Das ist eine Auseinandersetzung, die nicht nur im Parlament stattfinden wird. Wir alle sind dazu berufen, deutlich Stellung zu beziehen. Ich habe vor Kurzem feststellen müssen, dass ich Tür an Tür mit einem AfD-Mitglied wohne. Meine Nachbarin ist nicht bloß AfD-Wählerin. Sie ist Mitglied im hiesigen Kreisvorstand der AfD. Meine Nachbarin hat den gleichen Beruf wie ich. Sie ist Rechtsanwältin. Ein Organ der Rechtspflege. Auf unsere Verfassung vereidigt. Von ihrer politischen Gesinnung habe ich erfahren, als ich sie nachts bei der Heimfahrt dabei sah, wie sie ein Wahlplakat der AfD in unserer Straße anbrachte. Das lässt mich hoffen.
Ich bilde mir ein, dass die Plakataktion im Schutz der Dunkelheit vielleicht ein Zeichen dafür ist, dass sich meine Nachbarin bewusst ist, dass sie mit Nazis sympathisiert, dass sie Nazis in der politischen Arbeit unterstützt. Ich bin davon überzeugt, dass ich kein Verständnis für ihre politische Gesinnung haben muss, dass ich nicht versuchen muss, sie zu verstehen. Ich muss ihr zeigen und deutlich machen, dass dieser Impuls der Scham, diese Flucht in die Anonymität, in die Dunkelheit der Nacht absolut berechtigt sind. Dass meine Nachbarin mit ihrer Sympathie für Nazis keinen Platz in der Mitte unserer Gesellschaft haben darf.
Und als Muslime muss uns klar werden, dass unser Engagement für Deutschland eine Selbstverständlichkeit sein muss.

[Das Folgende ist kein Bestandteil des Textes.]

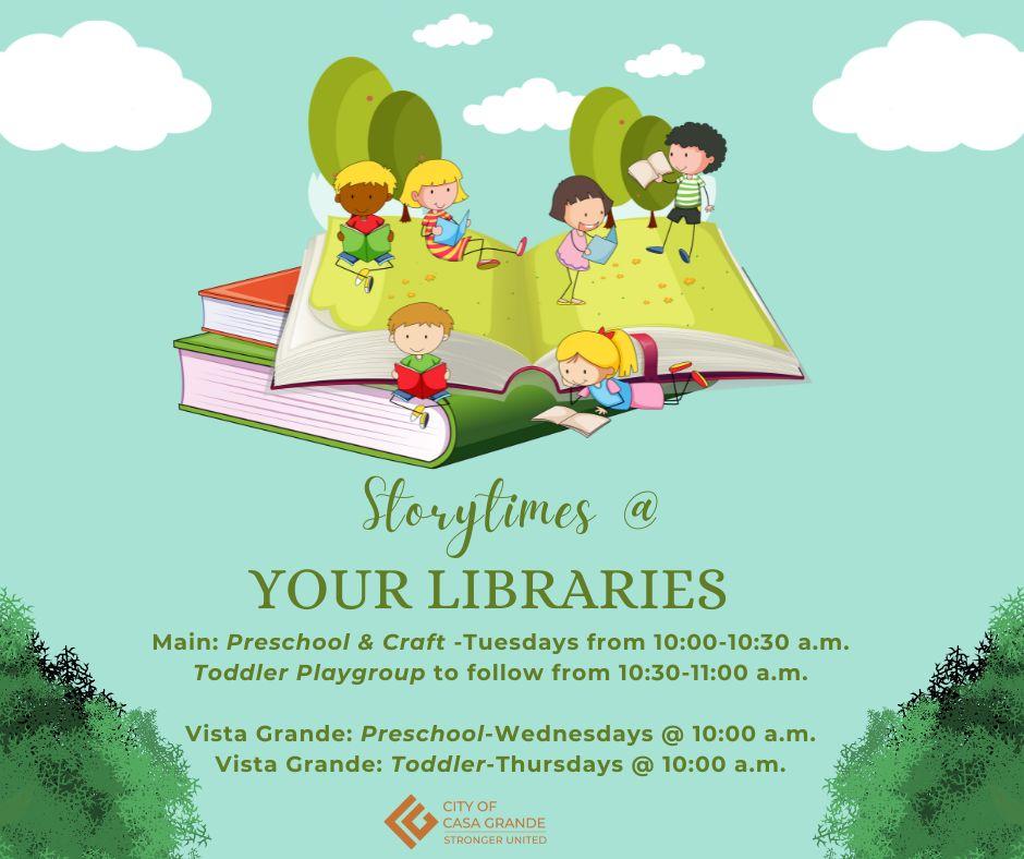 Though each Storytime is geared towards the age group, all ages are welcome.

Wir müssen uns unser Land aneignen. Wir müssen Verantwortung für Deutschland übernehmen. Keine noch so weitgehende Anpassung oder Loyalität wird uns davor bewahren, Ziel menschenverachtender Ausgrenzung und Anfeindung zu werden. Auch das ist die Lehre aus unserer deutschen Geschichte.
Es geht nicht darum, dass andere für uns definieren, was Deutsch-Sein ausmacht. Niemand muss uns eine kulturelle Checkliste vorgeben, die wir dann Punkt für Punkt gehorsam abhaken. Nicht die uneingeschränkte Loyalität macht uns zu verantwortungsbewussten Deutschen, sondern – und auch das ist die Lehre aus unserer deutschen Geschichte – der Mut zum Widerspruch und die entschiedene Verteidigung unserer Rechts- und Gesellschaftsordnung gegen alle Feinde der Demokratie. Das setzt aber voraus, dass wir uns als engagierte Bürger Deutschlands begreifen. Dass wir dieses Land dafür lieben, was es aus seiner Geschichte gemacht hat und wie es zu seiner historischen Schuld steht.
Das setzt aber auch voraus, dass wir es mit der eben gleichen Berechtigung dafür tadeln, wenn es seine Geschichte wieder zu vergessen droht, sei es bei der Verschleierung staatlicher Schuld im NSU-Komplex oder sei es im falschen, verständnisvollen Umgang mit Nazis im Tarnkleid einer vermeintlich bürgerlichen Alternative.
Wir müssen uns mit dieser doppelten Leidenschaft dafür einsetzen, dass unser Deutschland die Heimat aller Menschen bleibt und wird, die in Frieden, Freiheit und Gleichberechtigung leben wollen.